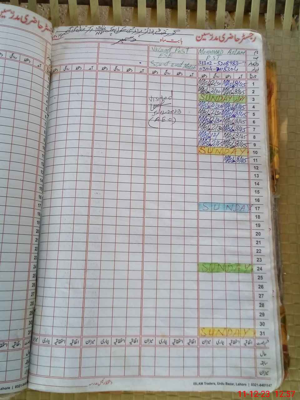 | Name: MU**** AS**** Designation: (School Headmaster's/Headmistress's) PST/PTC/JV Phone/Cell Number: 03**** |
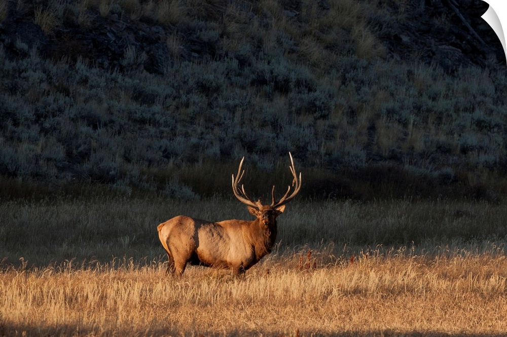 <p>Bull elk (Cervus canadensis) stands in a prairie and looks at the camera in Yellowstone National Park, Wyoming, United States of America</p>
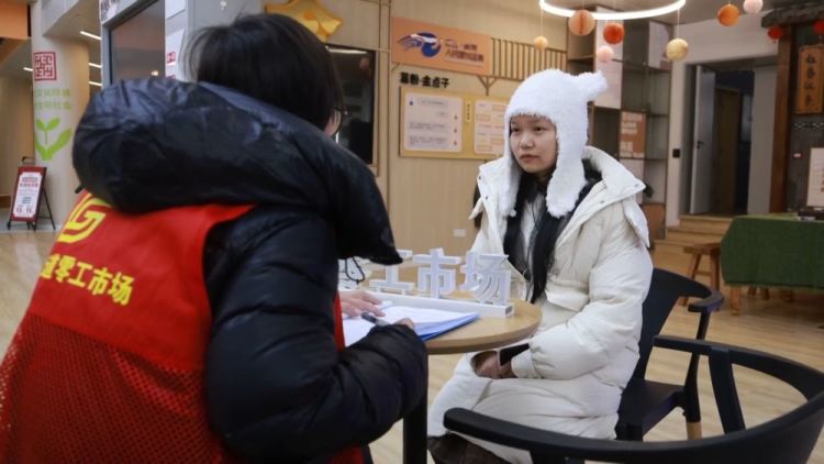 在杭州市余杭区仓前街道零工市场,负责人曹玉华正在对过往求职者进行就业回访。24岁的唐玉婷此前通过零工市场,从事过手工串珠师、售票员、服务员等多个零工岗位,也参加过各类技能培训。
==
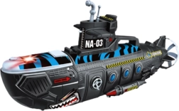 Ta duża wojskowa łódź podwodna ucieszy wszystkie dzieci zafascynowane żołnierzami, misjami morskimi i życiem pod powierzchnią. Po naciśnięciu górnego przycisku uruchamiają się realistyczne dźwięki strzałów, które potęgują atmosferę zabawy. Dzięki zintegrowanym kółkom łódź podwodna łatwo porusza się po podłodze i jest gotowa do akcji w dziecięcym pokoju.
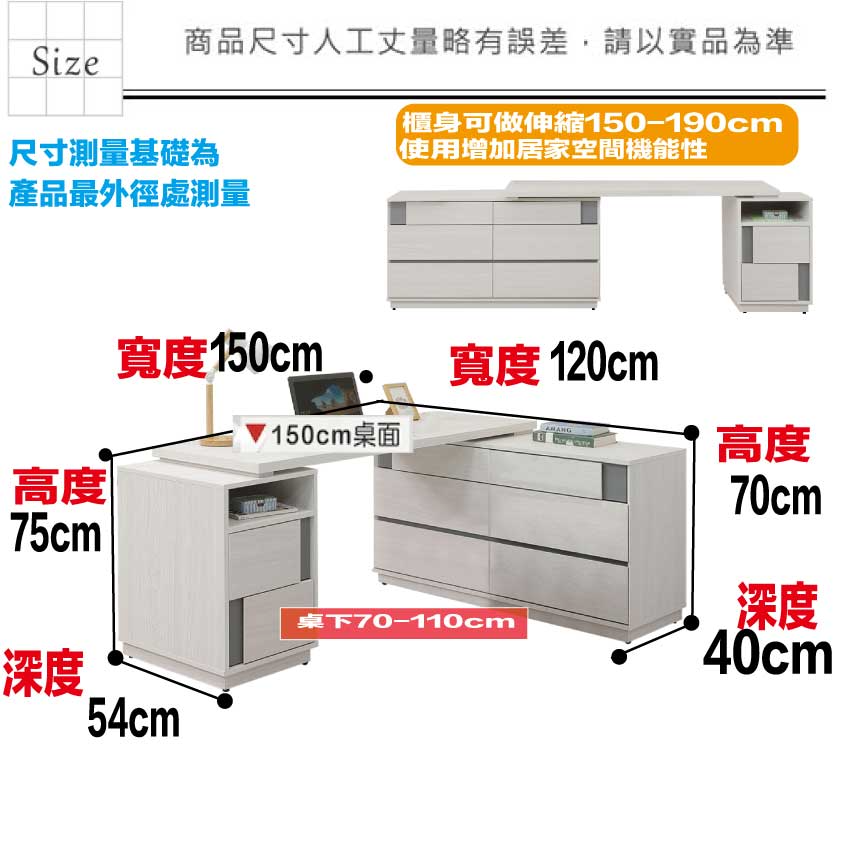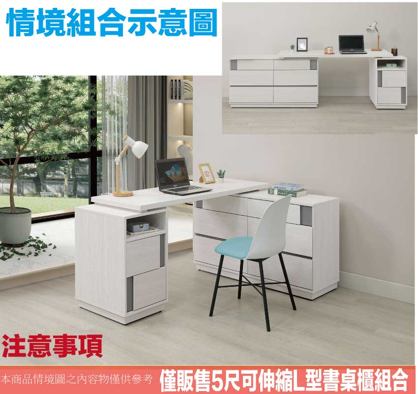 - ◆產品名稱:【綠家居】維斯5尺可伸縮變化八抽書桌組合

TASK PROMPT: Using the entries above, write out exactly the lines from the one with "<p>Bull elk (Cervus" through the one with "在杭州市余杭区仓前街道零工市", ends included. Leave out any pictures.

RESPONSE AREA:
 <p>Bull elk (Cervus canadensis) stands in a prairie and looks at the camera in Yellowstone National Park, Wyoming, United States of America</p>
 在杭州市余杭区仓前街道零工市场,负责人曹玉华正在对过往求职者进行就业回访。24岁的唐玉婷此前通过零工市场,从事过手工串珠师、售票员、服务员等多个零工岗位,也参加过各类技能培训。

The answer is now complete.